CarloLucibello / GraphNeuralNetworks.jl

Graph Neural Networks in Julia
https://carlolucibello.github.io/GraphNeuralNetworks.jl/dev/
MIT License
215 stars 46 forks source link

don't automatically batch when `getobs` from an array of graphs #170

Closed CarloLucibello closed 2 years ago

CarloLucibello commented 2 years ago

We currently have the following definitions

# DataLoader compatibility passing a vector of graphs and
# effectively using `batch` as a collated function.
MLUtils.numobs(data::Vector{<:GNNGraph}) = length(data)
MLUtils.getobs(data::Vector{<:GNNGraph}, i::Int) = data[i]
MLUtils.getobs(data::Vector{<:GNNGraph}, i) = Flux.batch(data[i])

that make for a nice interaction with MLUtils.DataLoader since we have automatic batching a.k.a. collating.

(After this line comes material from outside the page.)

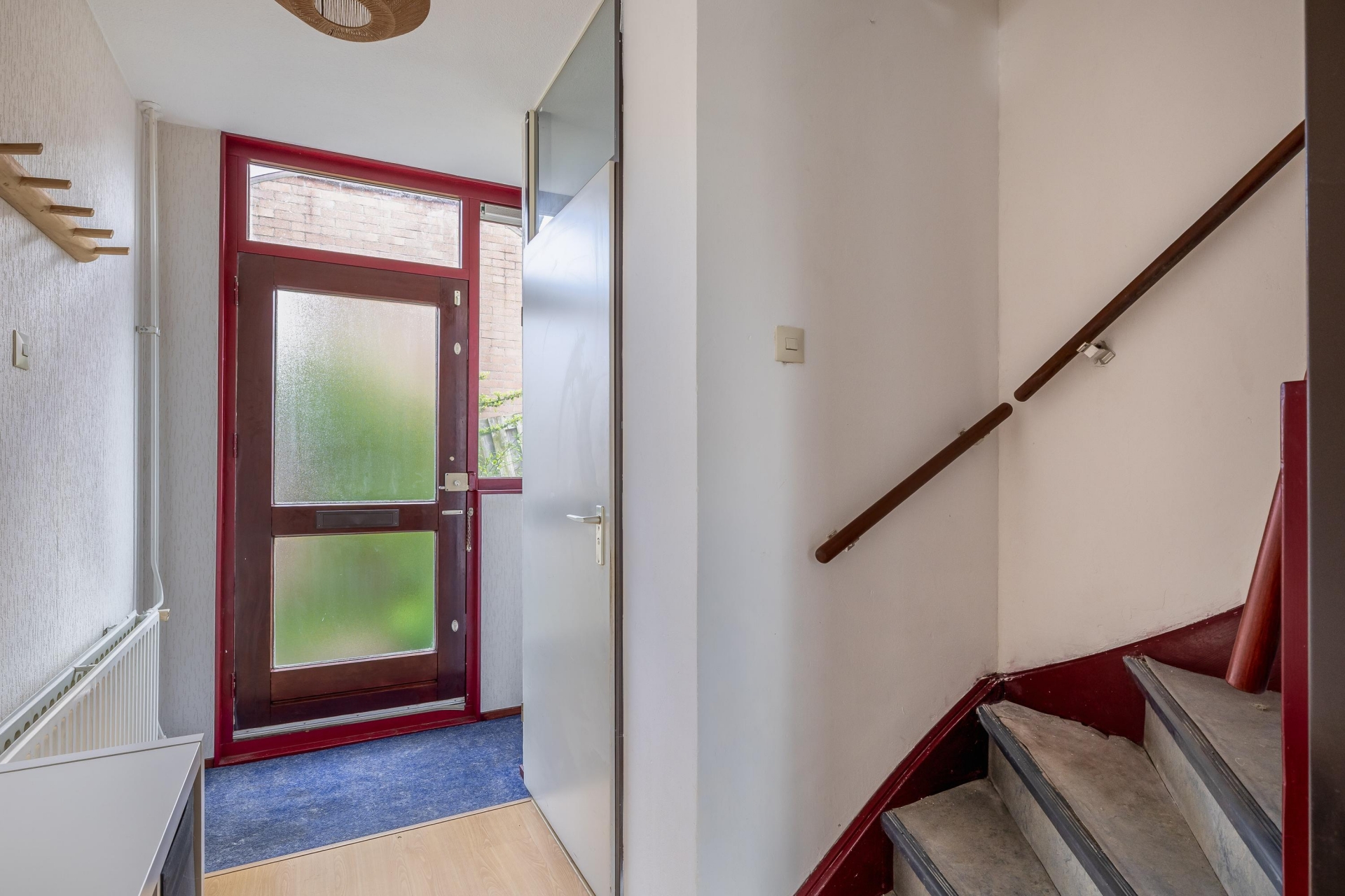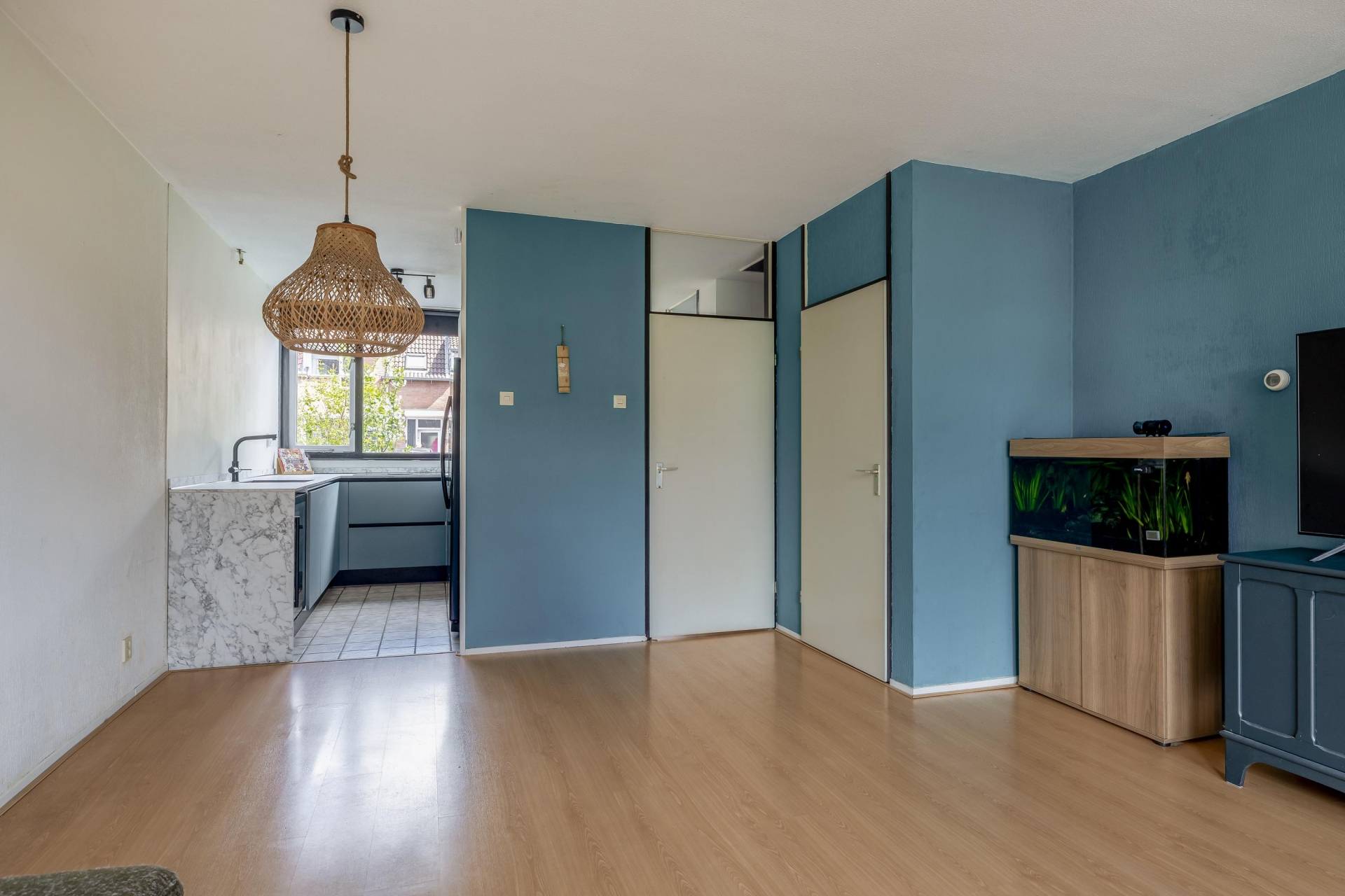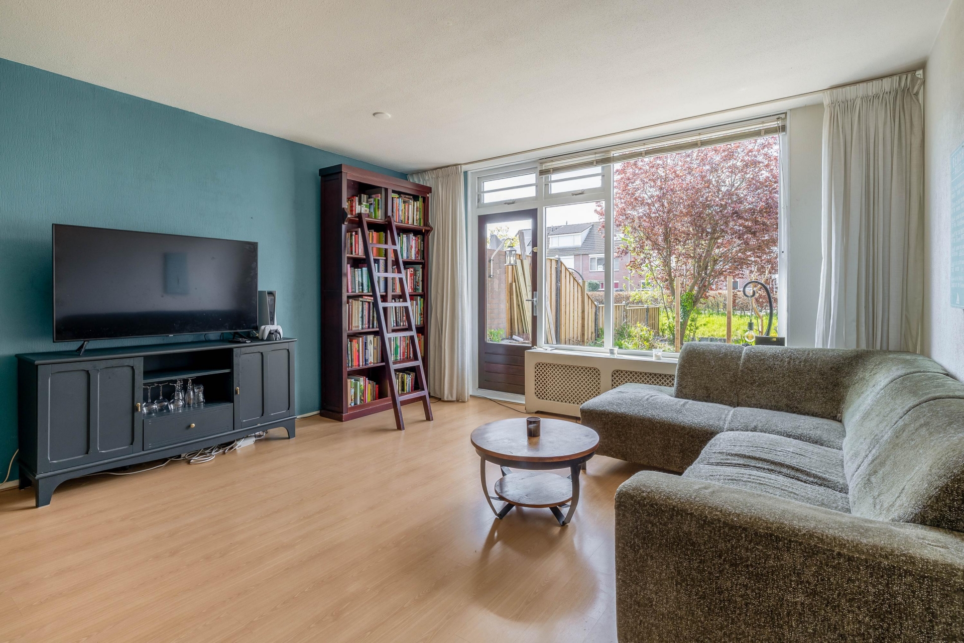De woonkamer is heerlijk licht dankzij de brede raampartij en de glazen achterdeur. Hierdoor valt er veel natuurlijk daglicht naar binnen en heb je een mooi zicht op de tuin en het groen daarachter. De ruimte heeft een rechte, praktische indeling waardoor je eenvoudig een comfortabele zithoek en een gezellige eethoek kunt creëren.

On the other hand, this doesn't well play well with other transformations in MLUtils, where one ends up with a batched graph even if they didn't want to:

julia> using MLUtils, GraphNeuralNetworks

julia> graphs = [rand_graph(10, 20)  for i=1:5]
5-element Vector{GNNGraph{Tuple{Vector{Int64}, Vector{Int64}, Nothing}}}:
 GNNGraph(10, 20)
 GNNGraph(10, 20)
 GNNGraph(10, 20)
 GNNGraph(10, 20)
 GNNGraph(10, 20)

julia> shuffleobs(graphs) |> getobs
GNNGraph:
    num_nodes = 50
    num_edges = 100
    num_graphs = 5

We should remove the automatic batching from here, and the DataLoader itself should provide automatic batching by calling MLUtils.batch

CarloLucibello commented 2 years ago

Let's wait for the outcome of the discussion in https://github.com/JuliaML/MLUtils.jl/issues/90 and for whatever DataLoader Flux is exporting to have a collate option before solving this issue.